RKE2 wird den Wert automatisch korrekt für die Namespaces kube-system, cis-operator-system, kube-node-lease und tigera-operator setzen.

Operator-Intervention erforderlich

Für vom Cluster-Operator erstellte Namespaces kann das folgende Skript und die Konfigurationsdatei verwendet werden, um das default Dienstkonto zu konfigurieren.

Die folgende Konfiguration muss in einer Datei mit dem Namen account_update.yaml gespeichert werden.

apiVersion: v1
kind: ServiceAccount
metadata:
  name: default
automountServiceAccountToken: false

Erstellen Sie eine Bash-Skriptdatei mit dem Namen account_update.sh. Stellen Sie sicher, dass Sie sudo chmod +x account_update.sh ausführen, damit das Skript Ausführungsberechtigungen hat.

#!/bin/bash -e

for namespace in $(kubectl get namespaces -A -o=jsonpath="{.items[*]['metadata.name']}"); do
  echo -n "Patching namespace $namespace - "
  kubectl patch serviceaccount default -n ${namespace} -p "$(cat account_update.yaml)"
done

Führen Sie dieses Skript aus, um die account_update.yaml Konfiguration auf das default Dienstkonto in allen Namespaces anzuwenden.

API-Server-Auditkonfiguration

Die CIS-Anforderungen 1.2.22 bis 1.2.25 beziehen sich auf die Konfiguration von Auditprotokollen für den API-Server.

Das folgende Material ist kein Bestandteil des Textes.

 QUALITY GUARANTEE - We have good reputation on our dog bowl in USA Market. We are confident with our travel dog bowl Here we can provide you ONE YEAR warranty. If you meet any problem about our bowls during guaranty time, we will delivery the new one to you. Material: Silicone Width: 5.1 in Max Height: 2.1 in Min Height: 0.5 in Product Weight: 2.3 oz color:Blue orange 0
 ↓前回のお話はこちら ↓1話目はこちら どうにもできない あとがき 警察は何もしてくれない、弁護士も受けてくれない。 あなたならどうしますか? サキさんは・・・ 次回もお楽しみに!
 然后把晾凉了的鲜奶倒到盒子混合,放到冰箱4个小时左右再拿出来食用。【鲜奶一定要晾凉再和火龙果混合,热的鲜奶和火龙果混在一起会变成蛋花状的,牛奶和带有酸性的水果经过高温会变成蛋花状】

Wenn RKE2 mit dem gesetzten profile Flag gestartet wird, konfiguriert es automatisch gehärtete --audit-log- Parameter im API-Server, um diese CIS-Prüfungen zu bestehen.

Die Standard-Audit-Richtlinie von RKE2 ist so konfiguriert, dass Anfragen im API-Server nicht protokolliert werden. Dies geschieht, um den Cluster-Operatoren Flexibilität zu ermöglichen, eine Audit-Richtlinie anzupassen, die ihren Prüfungsanforderungen und -bedürfnissen entspricht, da diese spezifisch für die Umgebung und Richtlinien jedes Benutzers sind.

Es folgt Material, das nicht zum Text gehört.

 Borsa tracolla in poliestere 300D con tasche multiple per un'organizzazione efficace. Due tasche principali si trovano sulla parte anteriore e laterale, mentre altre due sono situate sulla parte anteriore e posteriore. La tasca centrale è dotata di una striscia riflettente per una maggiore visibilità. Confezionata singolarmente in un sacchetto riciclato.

Eine Standard-Audit-Richtlinie wird von RKE2 erstellt, wenn es mit dem gesetzten profile Flag gestartet wird. Die Richtlinie ist in /etc/rancher/rke2/audit-policy.yaml definiert.

apiVersion: audit.k8s.io/v1
kind: Policy
metadata:
  creationTimestamp: null
rules:
- level: None
Operator-Intervention erforderlich

Um das Protokollieren von Anfragen an den API-Server zu starten, muss mindestens der Parameter level geändert werden, zum Beispiel auf Metadata. Detaillierte Informationen zur Richtlinienkonfiguration für den API-Server finden Sie in der Kubernetes Dokumentation.

Nach der Anpassung der Audit-Richtlinie muss RKE2 neu gestartet werden, um die neue Konfiguration zu laden.

sudo systemctl restart rke2-server.service

Die Audit-Protokolle des API-Servers werden in /var/lib/rancher/rke2/server/logs/audit.log geschrieben.

Bekannte Probleme

Die folgenden Kontrollen werden vom Standard-RKE2 derzeit nicht erfüllt. Jede Lücke wird erklärt und es wird erläutert, wie sie behoben wird.

Kontrolle 1.1.12

Stellen Sie sicher, dass der Eigentümer des etcd-Datenverzeichnisses auf etcd:etcd gesetzt ist.

Erläuterung

etcd ist ein hochverfügbarer Schlüssel-Wert-Speicher, der von Kubernetes-Implementierungen für die persistente Speicherung aller seiner REST-API-Objekte verwendet wird. Dieses Datenverzeichnis sollte vor unbefugtem Lesen oder Schreiben geschützt werden. Es sollte im Besitz von etcd:etcd sein.

bei Vorfällen

Dies kann behoben werden, indem ein etcd Benutzer und eine Gruppe erstellt werden, wie oben beschrieben.

Kontrolle 5.1.5

Stellen Sie sicher, dass Standard-Dienstkonten nicht aktiv verwendet werden.

Erläuterung

Kubernetes stellt ein default Dienstkonto zur Verfügung, das von Cluster-Workloads verwendet wird, bei denen kein spezifisches Dienstkonto dem Pod zugewiesen ist.

Wo der Zugriff auf die Kubernetes-API von einem Pod erforderlich ist, sollte ein spezifisches Dienstkonto für diesen Pod erstellt und diesem Dienstkonto Rechte gewährt werden.

Das default Dienstkonto sollte so konfiguriert sein, dass es kein Dienstkonto-Token bereitstellt und keine expliziten Rechtezuweisungen hat.

Dies kann behoben werden, indem das automountServiceAccountToken Feld auf false für das default Dienstkonto in jedem Namespace aktualisiert wird.

Fazit

Wenn Sie diese Anleitung befolgt haben, wird Ihr RKE2-Cluster so konfiguriert sein, dass er den CIS Kubernetes Benchmark besteht. Sie können unsere CIS-Selbstbewertungsleitfäden einsehen, um zu verstehen, wie wir jeden der Benchmarks überprüft haben und wie Sie dasselbe in Ihrem Cluster tun können.